Reputation: 3812
I'm attempting to extract urls from a string, they aren't standardized so some are within href tags, others on their own.
Also I need them to be sorted by type, so for example the following strings:
var txt1: String = "Some text! <a href="http://www.google.com/test.mp3">MP3</a>"
var txt2: String = "Some text! <a href="http://www.google.com/test.jpg">IMG</a>"
var txt3: String = "Some more! <a href="http://www.google.com/">Link!</a>"
So these strings are all concatenated and contain 3 urls, I'm looking for something along the lines of:
var result: List = List(
"mp3" -> List("http://www.google.com/test.mp3"),
"img" -> List("http://www.google.com/test.jpg"),
"url" -> List("http://www.google.com/")
)
I've looked into regex but have only go so far as to extract hrefs without defining types, and this also doesn't retrieve urls on their own outside of tags
val hrefRegex = new Regex("""\<a.*?href=\"(http:.*?)\".*?\>.*?\</a>""");
val hrefs:List[String]= hrefRegex.findAllIn(txt1.mkString).toList;
Any help is much appreciated, thanks in advance :)
Upvotes: 3
Views: 1218
Reputation: 41646
Assuming val txt = txt1 + txt2 + txt3
, you can wrap the text into an xml element as a string then parse it as XML and use the xml standard library to extract the anchors.

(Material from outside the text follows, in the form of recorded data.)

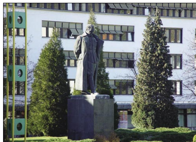
Maršal Tito eške itak skrb má na narode v Velenji

Kauli Velenja je dosta gradov, zatok krajino zovémo »dolina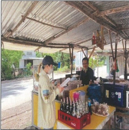
รูปที่ 7 เจ้าหน้าที่โครงการลงพื้นที่สอบถามชุมชน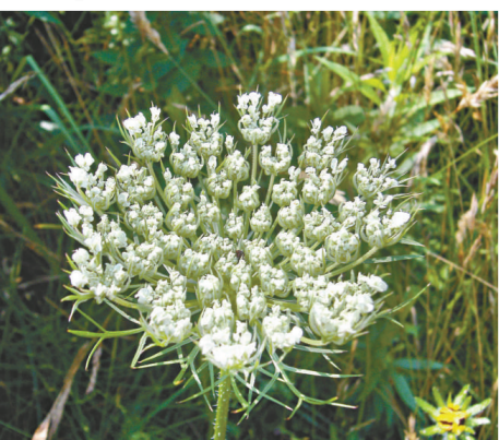
▲約有一萬五千種藥用植物瀕臨絕種

漢密爾頓說：「促進健康，增加收入，保持文化傳統，對於人們保護藥用植物，從而保護居住環境都是非常重要的。在開展保護工作的過程中，需要將人們的利益考慮在內。」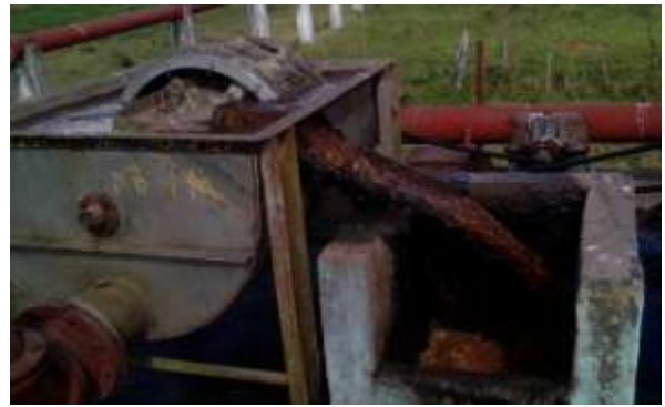
Fotos13,14: Cribas.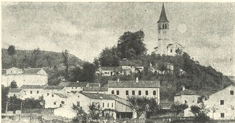
Župna cerkev v Trnovem

Po Salomovi odpovedi so se pričeli za prosto župniško mesto potegovati številni pro-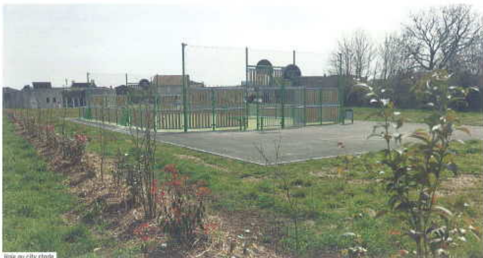
Voie au city stade

► Des travaux d'éclairage public vont être réalisés au Fassier sur la RD 137 : installation d'un réverbère pour un montant de 4 375 € HT, subventionné à 35 %.

// can do other cleanup if necessary here such as changing "link!"
def normalize(t: String) = t.toLowerCase()
val txtAsXML = xml.XML.loadString("<root>" + txt + "</root>")
val anchors = txtAsXML \\ "a"
// returns scala.xml.NodeSeq containing the <a> tags
Then you just need to post process until you have the data organized like you want:
val tuples = anchors.map(a => normalize(a.text) -> a.attributes("href").toString)
// Seq[String, String] containing elements
// like "mp3" -> http://www.google.com/test.mp3
val byTypes = tuples.groupBy(_._1).mapValues(seq => seq.map(_._2))
// here grouped by types:
// Map(img -> List(http://www.google.com/test.jpg),
// link! -> List(http://www.google.com/),
// mp3 -> List(http://www.google.com/test.mp3))
Upvotes: 5